*Supplied material:*
*** Begin section ***

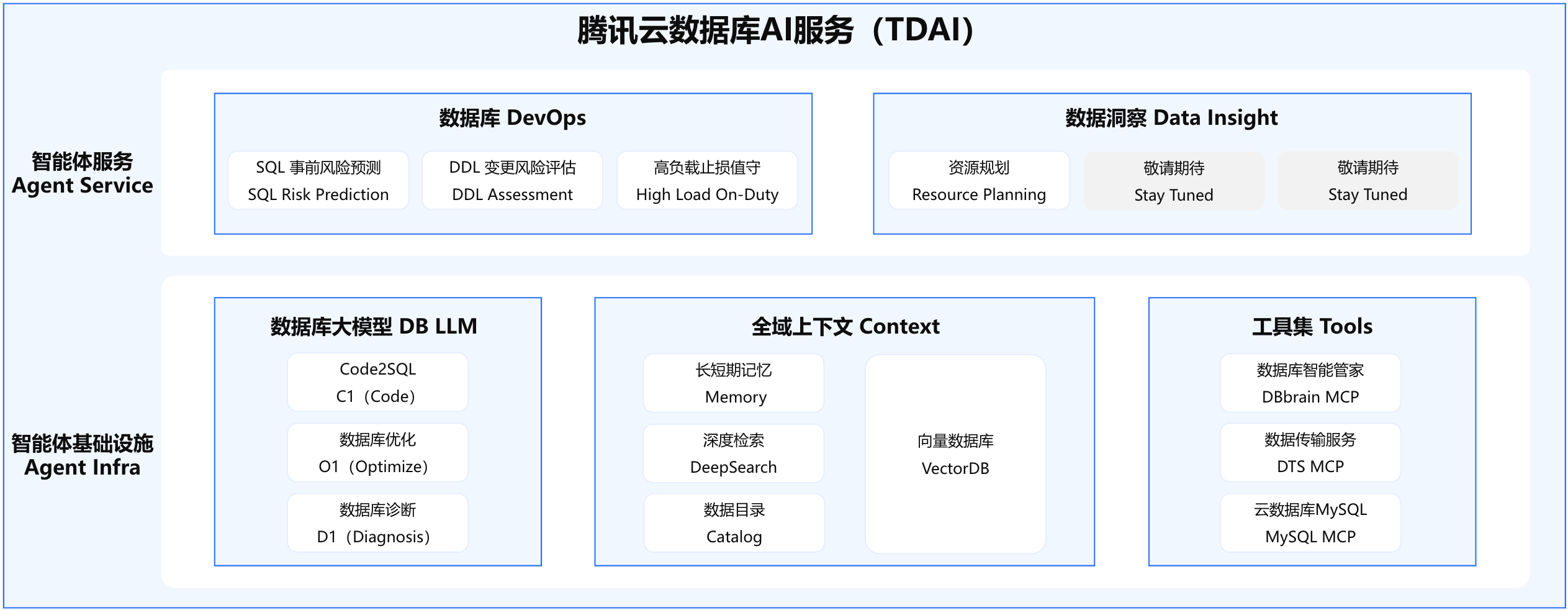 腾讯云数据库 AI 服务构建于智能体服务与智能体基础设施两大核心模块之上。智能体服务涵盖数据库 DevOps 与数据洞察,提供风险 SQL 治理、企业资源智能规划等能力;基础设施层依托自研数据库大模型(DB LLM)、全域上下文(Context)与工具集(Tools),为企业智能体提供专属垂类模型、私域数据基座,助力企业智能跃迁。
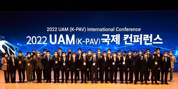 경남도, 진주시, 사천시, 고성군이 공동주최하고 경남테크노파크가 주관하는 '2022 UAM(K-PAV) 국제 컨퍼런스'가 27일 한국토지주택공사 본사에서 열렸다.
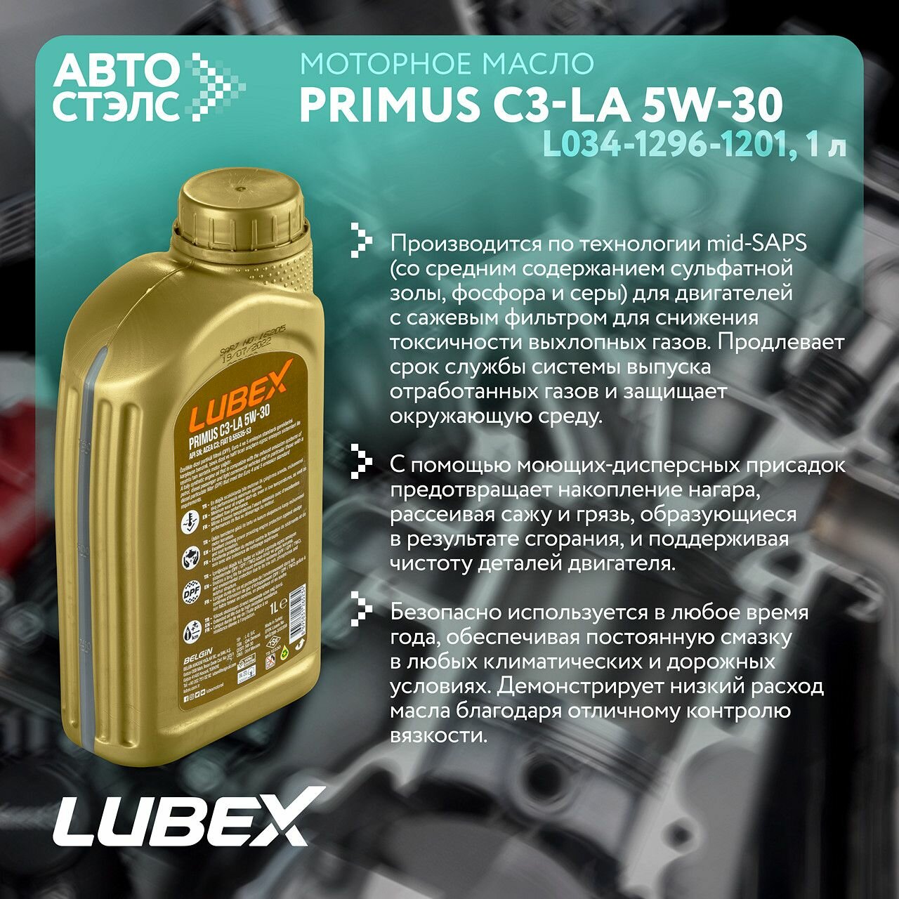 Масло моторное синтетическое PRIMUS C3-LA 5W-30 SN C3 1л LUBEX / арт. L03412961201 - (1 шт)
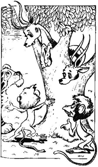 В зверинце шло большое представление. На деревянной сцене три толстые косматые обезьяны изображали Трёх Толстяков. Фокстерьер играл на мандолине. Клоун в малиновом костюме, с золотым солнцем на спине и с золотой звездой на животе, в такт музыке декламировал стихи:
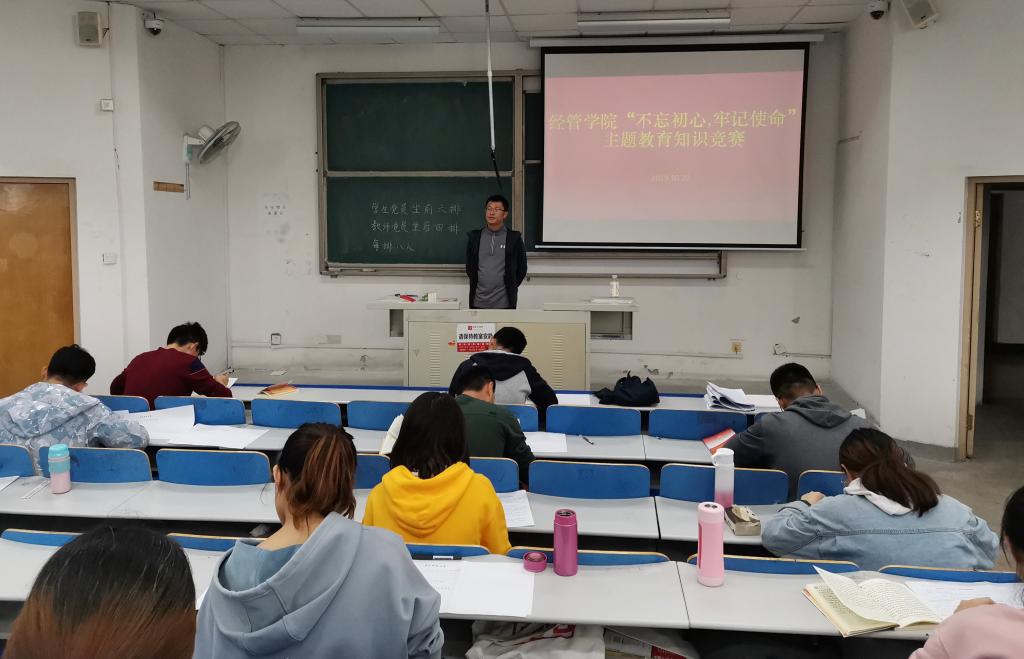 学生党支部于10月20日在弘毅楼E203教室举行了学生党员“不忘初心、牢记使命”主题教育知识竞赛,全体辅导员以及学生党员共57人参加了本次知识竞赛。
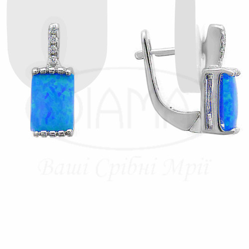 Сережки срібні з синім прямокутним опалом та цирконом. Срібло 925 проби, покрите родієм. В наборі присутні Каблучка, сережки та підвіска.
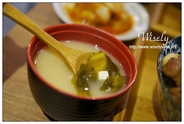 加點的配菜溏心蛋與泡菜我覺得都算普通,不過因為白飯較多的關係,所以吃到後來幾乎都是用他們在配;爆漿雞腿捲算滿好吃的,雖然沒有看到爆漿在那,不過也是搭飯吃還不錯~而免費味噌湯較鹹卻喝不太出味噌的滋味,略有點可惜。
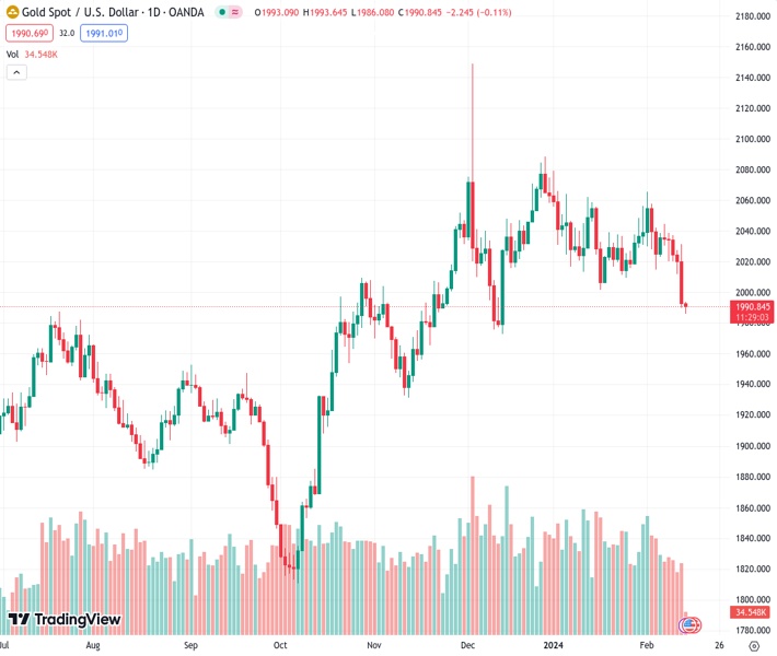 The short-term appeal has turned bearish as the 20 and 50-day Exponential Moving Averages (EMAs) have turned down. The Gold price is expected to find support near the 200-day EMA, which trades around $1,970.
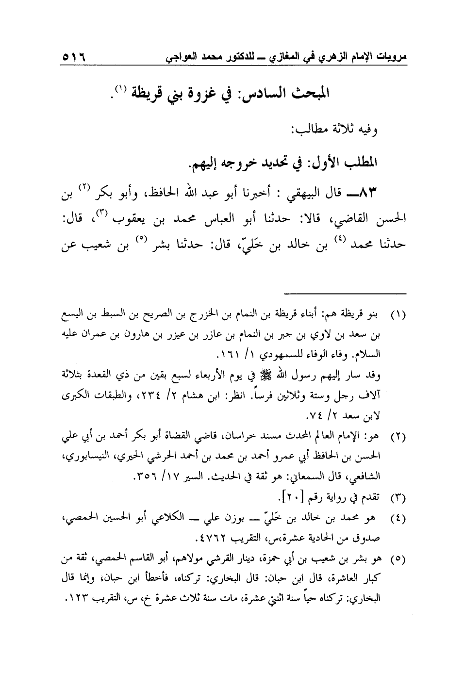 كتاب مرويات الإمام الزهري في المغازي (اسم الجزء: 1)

*** End section ***

*What needs to be done:* Write every entry out again exactly, dropping the pictures.

*Written solution:*
 腾讯云数据库 AI 服务构建于智能体服务与智能体基础设施两大核心模块之上。智能体服务涵盖数据库 DevOps 与数据洞察,提供风险 SQL 治理、企业资源智能规划等能力;基础设施层依托自研数据库大模型(DB LLM)、全域上下文(Context)与工具集(Tools),为企业智能体提供专属垂类模型、私域数据基座,助力企业智能跃迁。
 경남도, 진주시, 사천시, 고성군이 공동주최하고 경남테크노파크가 주관하는 '2022 UAM(K-PAV) 국제 컨퍼런스'가 27일 한국토지주택공사 본사에서 열렸다.
 Масло моторное синтетическое PRIMUS C3-LA 5W-30 SN C3 1л LUBEX / арт. L03412961201 - (1 шт)
 В зверинце шло большое представление. На деревянной сцене три толстые косматые обезьяны изображали Трёх Толстяков. Фокстерьер играл на мандолине. Клоун в малиновом костюме, с золотым солнцем на спине и с золотой звездой на животе, в такт музыке декламировал стихи:
 学生党支部于10月20日在弘毅楼E203教室举行了学生党员“不忘初心、牢记使命”主题教育知识竞赛,全体辅导员以及学生党员共57人参加了本次知识竞赛。
 Сережки срібні з синім прямокутним опалом та цирконом. Срібло 925 проби, покрите родієм. В наборі присутні Каблучка, сережки та підвіска.
 加點的配菜溏心蛋與泡菜我覺得都算普通,不過因為白飯較多的關係,所以吃到後來幾乎都是用他們在配;爆漿雞腿捲算滿好吃的,雖然沒有看到爆漿在那,不過也是搭飯吃還不錯~而免費味噌湯較鹹卻喝不太出味噌的滋味,略有點可惜。
 The short-term appeal has turned bearish as the 20 and 50-day Exponential Moving Averages (EMAs) have turned down. The Gold price is expected to find support near the 200-day EMA, which trades around $1,970.
 كتاب مرويات الإمام الزهري في المغازي (اسم الجزء: 1)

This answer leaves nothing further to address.